> DIRECTIONS:
Could you repeat all of the entries word for word, minus any pictures?

> STUDY MATERIAL:
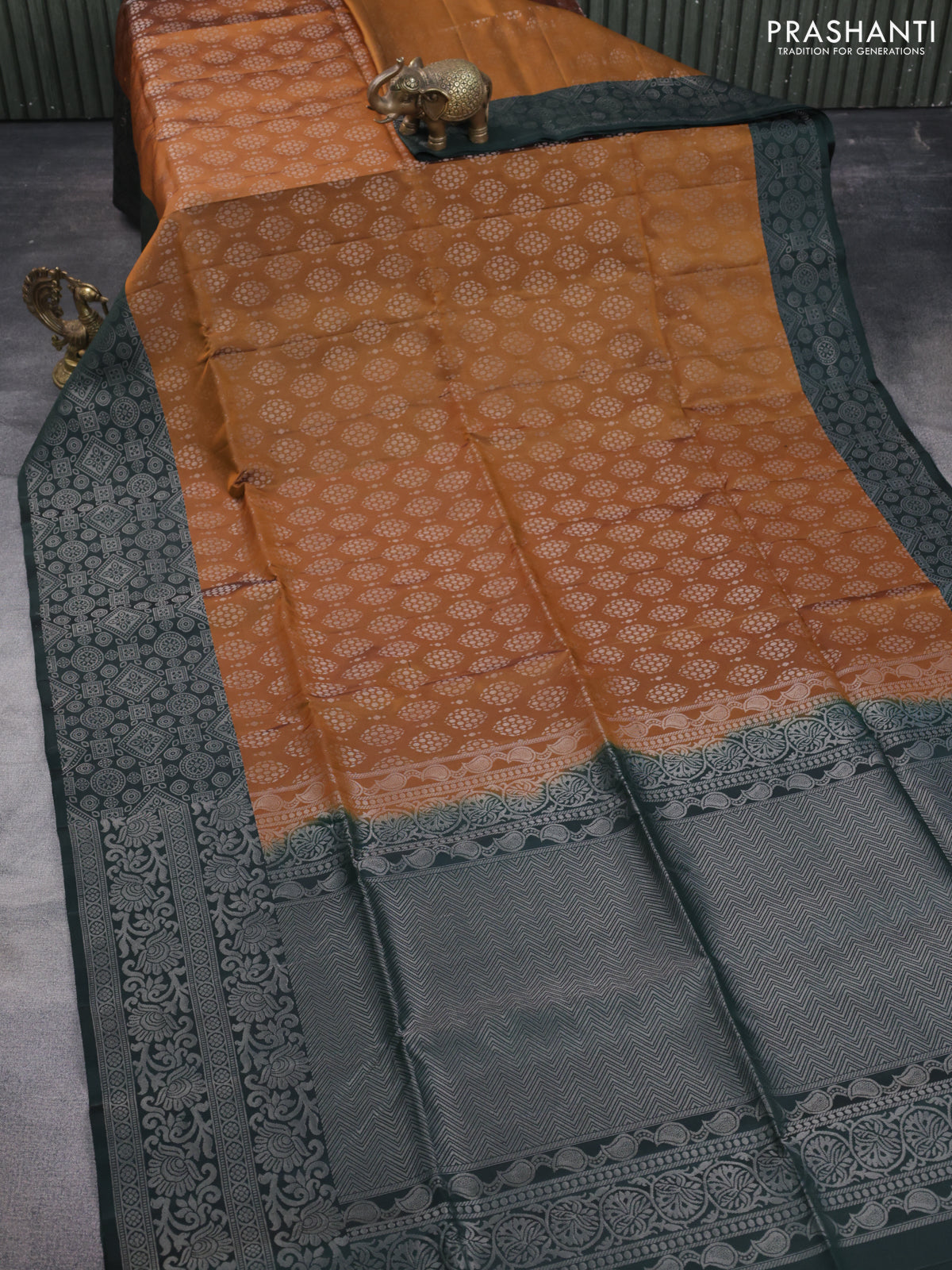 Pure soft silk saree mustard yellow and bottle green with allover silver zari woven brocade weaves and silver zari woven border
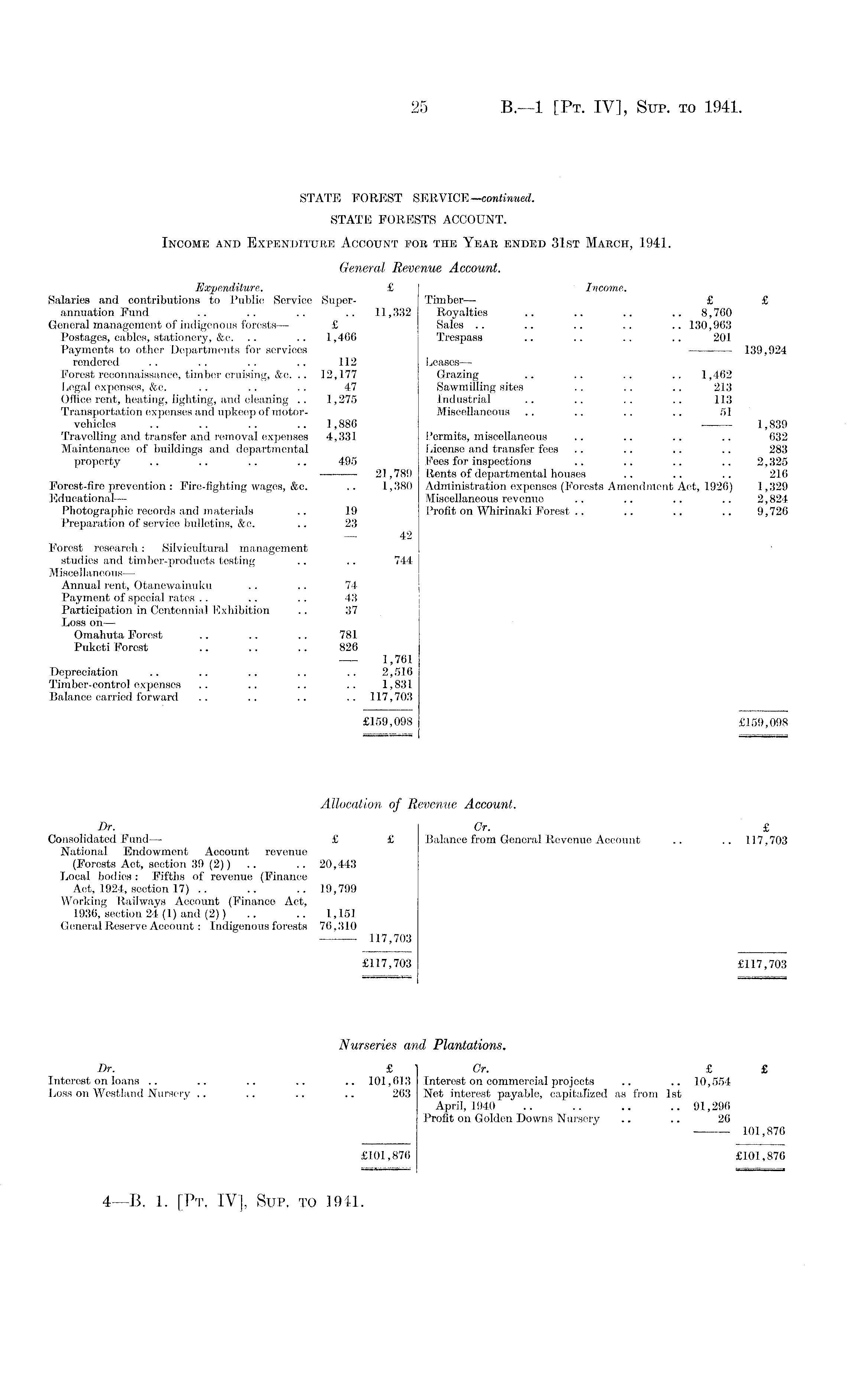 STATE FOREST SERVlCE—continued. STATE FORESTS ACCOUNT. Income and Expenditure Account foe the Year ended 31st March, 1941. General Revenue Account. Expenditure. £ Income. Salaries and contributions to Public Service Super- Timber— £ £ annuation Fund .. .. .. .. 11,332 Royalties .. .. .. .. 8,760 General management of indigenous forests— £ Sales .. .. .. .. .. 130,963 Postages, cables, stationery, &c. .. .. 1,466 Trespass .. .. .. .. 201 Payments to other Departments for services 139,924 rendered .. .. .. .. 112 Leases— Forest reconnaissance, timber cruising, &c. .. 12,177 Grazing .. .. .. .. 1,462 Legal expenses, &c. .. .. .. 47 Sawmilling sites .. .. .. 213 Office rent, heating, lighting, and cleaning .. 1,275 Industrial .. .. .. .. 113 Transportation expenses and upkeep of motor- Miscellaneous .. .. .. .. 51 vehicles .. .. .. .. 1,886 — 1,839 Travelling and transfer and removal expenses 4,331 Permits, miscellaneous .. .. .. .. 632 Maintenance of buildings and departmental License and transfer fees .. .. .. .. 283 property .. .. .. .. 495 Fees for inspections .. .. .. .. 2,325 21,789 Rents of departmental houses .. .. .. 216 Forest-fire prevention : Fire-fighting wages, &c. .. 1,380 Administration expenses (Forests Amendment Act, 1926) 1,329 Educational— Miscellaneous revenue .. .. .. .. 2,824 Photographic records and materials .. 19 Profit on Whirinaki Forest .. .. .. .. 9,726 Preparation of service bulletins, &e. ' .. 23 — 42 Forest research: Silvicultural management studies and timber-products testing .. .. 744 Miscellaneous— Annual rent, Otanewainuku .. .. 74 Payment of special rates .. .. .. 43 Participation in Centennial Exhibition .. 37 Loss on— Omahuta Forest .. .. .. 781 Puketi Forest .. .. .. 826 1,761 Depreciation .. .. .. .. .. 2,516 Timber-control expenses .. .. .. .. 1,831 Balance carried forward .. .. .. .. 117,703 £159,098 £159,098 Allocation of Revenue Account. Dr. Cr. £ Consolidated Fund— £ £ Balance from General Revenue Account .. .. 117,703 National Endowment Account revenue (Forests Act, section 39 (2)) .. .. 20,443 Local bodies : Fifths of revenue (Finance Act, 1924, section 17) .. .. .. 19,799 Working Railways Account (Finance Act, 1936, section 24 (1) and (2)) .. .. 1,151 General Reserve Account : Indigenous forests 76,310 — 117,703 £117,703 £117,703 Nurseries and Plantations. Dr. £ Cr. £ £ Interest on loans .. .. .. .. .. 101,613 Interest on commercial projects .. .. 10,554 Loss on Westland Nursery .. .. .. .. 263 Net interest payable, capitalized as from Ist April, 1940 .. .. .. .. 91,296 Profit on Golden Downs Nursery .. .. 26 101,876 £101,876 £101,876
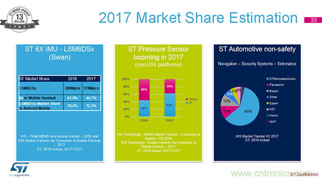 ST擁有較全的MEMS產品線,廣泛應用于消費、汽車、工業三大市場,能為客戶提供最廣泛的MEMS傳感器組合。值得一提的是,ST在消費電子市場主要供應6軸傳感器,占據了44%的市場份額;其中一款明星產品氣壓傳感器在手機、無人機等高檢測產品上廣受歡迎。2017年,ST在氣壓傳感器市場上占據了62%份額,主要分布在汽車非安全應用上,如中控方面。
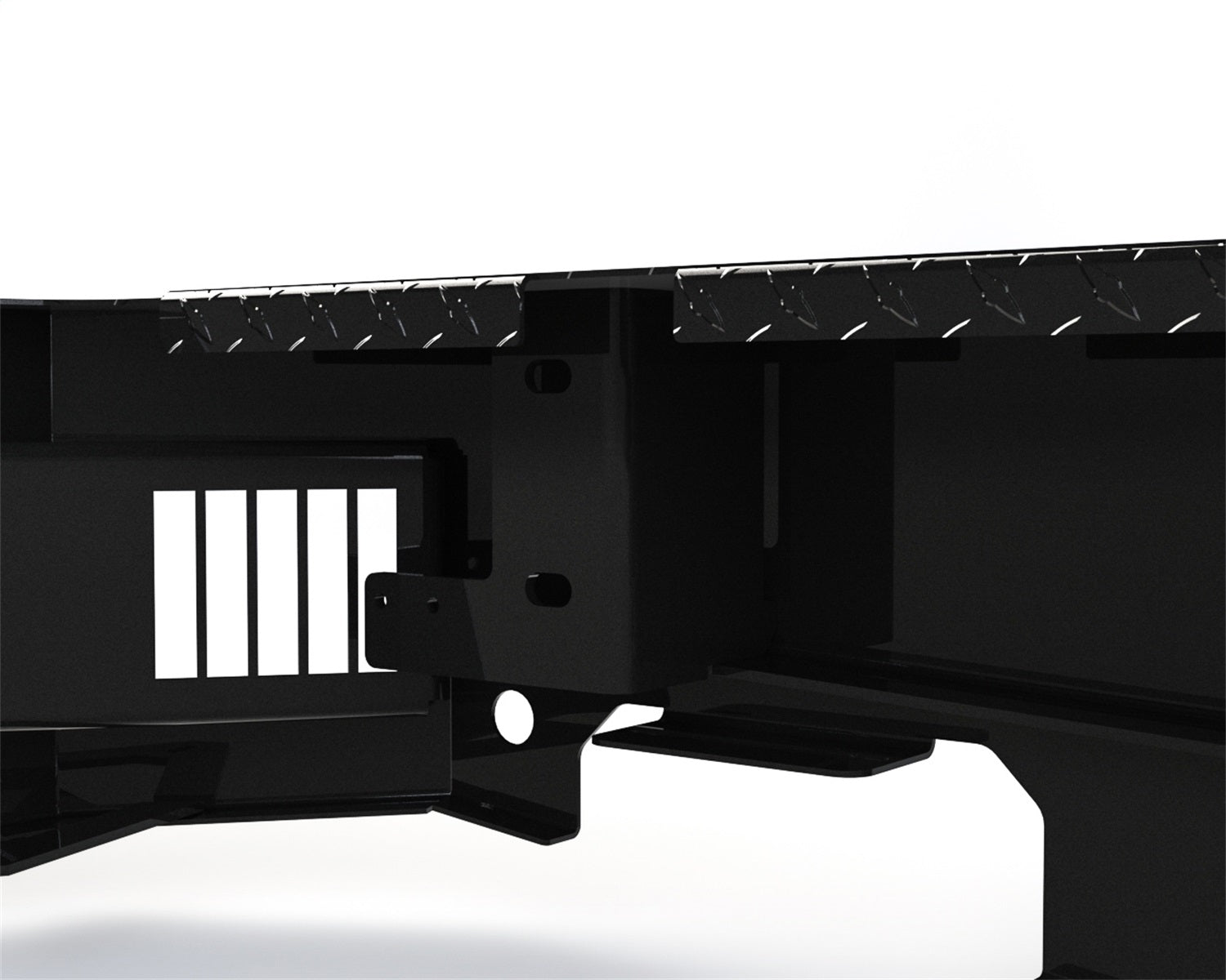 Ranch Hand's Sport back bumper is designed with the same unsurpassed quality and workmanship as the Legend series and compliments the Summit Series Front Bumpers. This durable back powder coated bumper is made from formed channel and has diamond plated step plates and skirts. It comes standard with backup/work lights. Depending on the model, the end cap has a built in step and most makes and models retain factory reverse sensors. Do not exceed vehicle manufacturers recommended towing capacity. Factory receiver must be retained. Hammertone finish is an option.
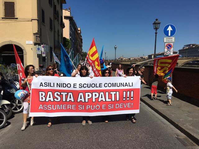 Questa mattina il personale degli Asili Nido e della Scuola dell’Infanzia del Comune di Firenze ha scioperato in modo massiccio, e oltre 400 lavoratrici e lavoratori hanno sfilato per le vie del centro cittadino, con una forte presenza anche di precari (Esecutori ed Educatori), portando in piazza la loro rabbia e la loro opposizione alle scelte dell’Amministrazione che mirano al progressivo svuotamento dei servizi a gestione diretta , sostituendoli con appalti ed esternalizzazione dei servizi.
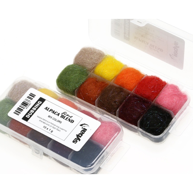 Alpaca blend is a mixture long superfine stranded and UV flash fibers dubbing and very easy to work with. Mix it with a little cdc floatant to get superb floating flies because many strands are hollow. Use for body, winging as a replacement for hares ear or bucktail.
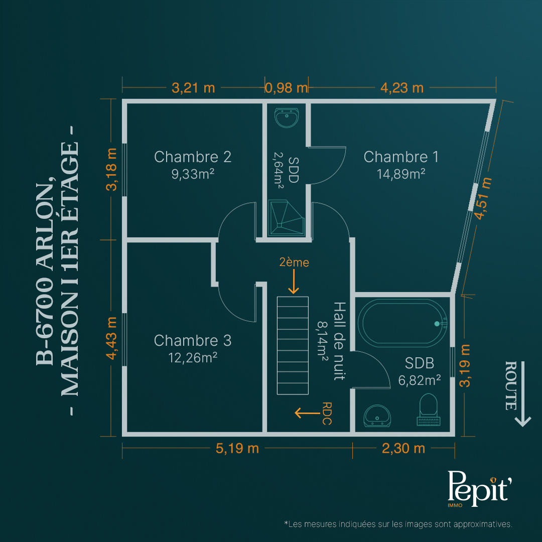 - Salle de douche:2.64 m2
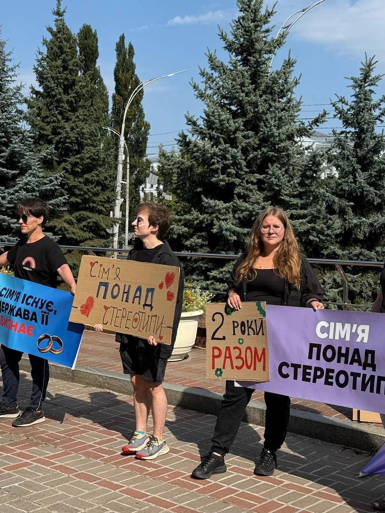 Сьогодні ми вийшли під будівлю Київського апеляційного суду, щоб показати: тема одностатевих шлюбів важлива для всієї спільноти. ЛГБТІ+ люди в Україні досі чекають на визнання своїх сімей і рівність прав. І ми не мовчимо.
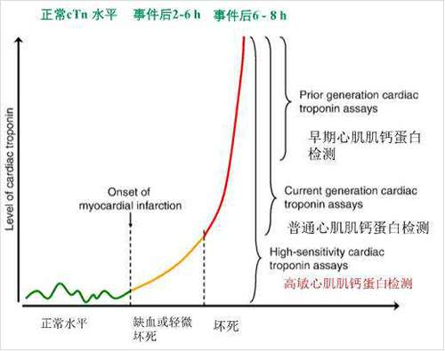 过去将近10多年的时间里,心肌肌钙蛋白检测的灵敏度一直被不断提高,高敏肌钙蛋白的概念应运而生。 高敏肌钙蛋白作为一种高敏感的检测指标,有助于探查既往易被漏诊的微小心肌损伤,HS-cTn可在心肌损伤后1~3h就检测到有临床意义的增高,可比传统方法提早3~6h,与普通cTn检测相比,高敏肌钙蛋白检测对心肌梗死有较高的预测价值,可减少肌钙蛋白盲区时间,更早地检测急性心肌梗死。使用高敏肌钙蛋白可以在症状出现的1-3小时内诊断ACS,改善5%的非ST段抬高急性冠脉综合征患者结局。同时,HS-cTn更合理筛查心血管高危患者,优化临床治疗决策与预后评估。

> ANSWER TO THE PROBLEM:
 Pure soft silk saree mustard yellow and bottle green with allover silver zari woven brocade weaves and silver zari woven border
 STATE FOREST SERVlCE—continued. STATE FORESTS ACCOUNT. Income and Expenditure Account foe the Year ended 31st March, 1941. General Revenue Account. Expenditure. £ Income. Salaries and contributions to Public Service Super- Timber— £ £ annuation Fund .. .. .. .. 11,332 Royalties .. .. .. .. 8,760 General management of indigenous forests— £ Sales .. .. .. .. .. 130,963 Postages, cables, stationery, &c. .. .. 1,466 Trespass .. .. .. .. 201 Payments to other Departments for services 139,924 rendered .. .. .. .. 112 Leases— Forest reconnaissance, timber cruising, &c. .. 12,177 Grazing .. .. .. .. 1,462 Legal expenses, &c. .. .. .. 47 Sawmilling sites .. .. .. 213 Office rent, heating, lighting, and cleaning .. 1,275 Industrial .. .. .. .. 113 Transportation expenses and upkeep of motor- Miscellaneous .. .. .. .. 51 vehicles .. .. .. .. 1,886 — 1,839 Travelling and transfer and removal expenses 4,331 Permits, miscellaneous .. .. .. .. 632 Maintenance of buildings and departmental License and transfer fees .. .. .. .. 283 property .. .. .. .. 495 Fees for inspections .. .. .. .. 2,325 21,789 Rents of departmental houses .. .. .. 216 Forest-fire prevention : Fire-fighting wages, &c. .. 1,380 Administration expenses (Forests Amendment Act, 1926) 1,329 Educational— Miscellaneous revenue .. .. .. .. 2,824 Photographic records and materials .. 19 Profit on Whirinaki Forest .. .. .. .. 9,726 Preparation of service bulletins, &e. ' .. 23 — 42 Forest research: Silvicultural management studies and timber-products testing .. .. 744 Miscellaneous— Annual rent, Otanewainuku .. .. 74 Payment of special rates .. .. .. 43 Participation in Centennial Exhibition .. 37 Loss on— Omahuta Forest .. .. .. 781 Puketi Forest .. .. .. 826 1,761 Depreciation .. .. .. .. .. 2,516 Timber-control expenses .. .. .. .. 1,831 Balance carried forward .. .. .. .. 117,703 £159,098 £159,098 Allocation of Revenue Account. Dr. Cr. £ Consolidated Fund— £ £ Balance from General Revenue Account .. .. 117,703 National Endowment Account revenue (Forests Act, section 39 (2)) .. .. 20,443 Local bodies : Fifths of revenue (Finance Act, 1924, section 17) .. .. .. 19,799 Working Railways Account (Finance Act, 1936, section 24 (1) and (2)) .. .. 1,151 General Reserve Account : Indigenous forests 76,310 — 117,703 £117,703 £117,703 Nurseries and Plantations. Dr. £ Cr. £ £ Interest on loans .. .. .. .. .. 101,613 Interest on commercial projects .. .. 10,554 Loss on Westland Nursery .. .. .. .. 263 Net interest payable, capitalized as from Ist April, 1940 .. .. .. .. 91,296 Profit on Golden Downs Nursery .. .. 26 101,876 £101,876 £101,876
 ST擁有較全的MEMS產品線,廣泛應用于消費、汽車、工業三大市場,能為客戶提供最廣泛的MEMS傳感器組合。值得一提的是,ST在消費電子市場主要供應6軸傳感器,占據了44%的市場份額;其中一款明星產品氣壓傳感器在手機、無人機等高檢測產品上廣受歡迎。2017年,ST在氣壓傳感器市場上占據了62%份額,主要分布在汽車非安全應用上,如中控方面。
 Ranch Hand's Sport back bumper is designed with the same unsurpassed quality and workmanship as the Legend series and compliments the Summit Series Front Bumpers. This durable back powder coated bumper is made from formed channel and has diamond plated step plates and skirts. It comes standard with backup/work lights. Depending on the model, the end cap has a built in step and most makes and models retain factory reverse sensors. Do not exceed vehicle manufacturers recommended towing capacity. Factory receiver must be retained. Hammertone finish is an option.
 Questa mattina il personale degli Asili Nido e della Scuola dell’Infanzia del Comune di Firenze ha scioperato in modo massiccio, e oltre 400 lavoratrici e lavoratori hanno sfilato per le vie del centro cittadino, con una forte presenza anche di precari (Esecutori ed Educatori), portando in piazza la loro rabbia e la loro opposizione alle scelte dell’Amministrazione che mirano al progressivo svuotamento dei servizi a gestione diretta , sostituendoli con appalti ed esternalizzazione dei servizi.
 Alpaca blend is a mixture long superfine stranded and UV flash fibers dubbing and very easy to work with. Mix it with a little cdc floatant to get superb floating flies because many strands are hollow. Use for body, winging as a replacement for hares ear or bucktail.
 - Salle de douche:2.64 m2
 Сьогодні ми вийшли під будівлю Київського апеляційного суду, щоб показати: тема одностатевих шлюбів важлива для всієї спільноти. ЛГБТІ+ люди в Україні досі чекають на визнання своїх сімей і рівність прав. І ми не мовчимо.
 过去将近10多年的时间里,心肌肌钙蛋白检测的灵敏度一直被不断提高,高敏肌钙蛋白的概念应运而生。 高敏肌钙蛋白作为一种高敏感的检测指标,有助于探查既往易被漏诊的微小心肌损伤,HS-cTn可在心肌损伤后1~3h就检测到有临床意义的增高,可比传统方法提早3~6h,与普通cTn检测相比,高敏肌钙蛋白检测对心肌梗死有较高的预测价值,可减少肌钙蛋白盲区时间,更早地检测急性心肌梗死。使用高敏肌钙蛋白可以在症状出现的1-3小时内诊断ACS,改善5%的非ST段抬高急性冠脉综合征患者结局。同时,HS-cTn更合理筛查心血管高危患者,优化临床治疗决策与预后评估。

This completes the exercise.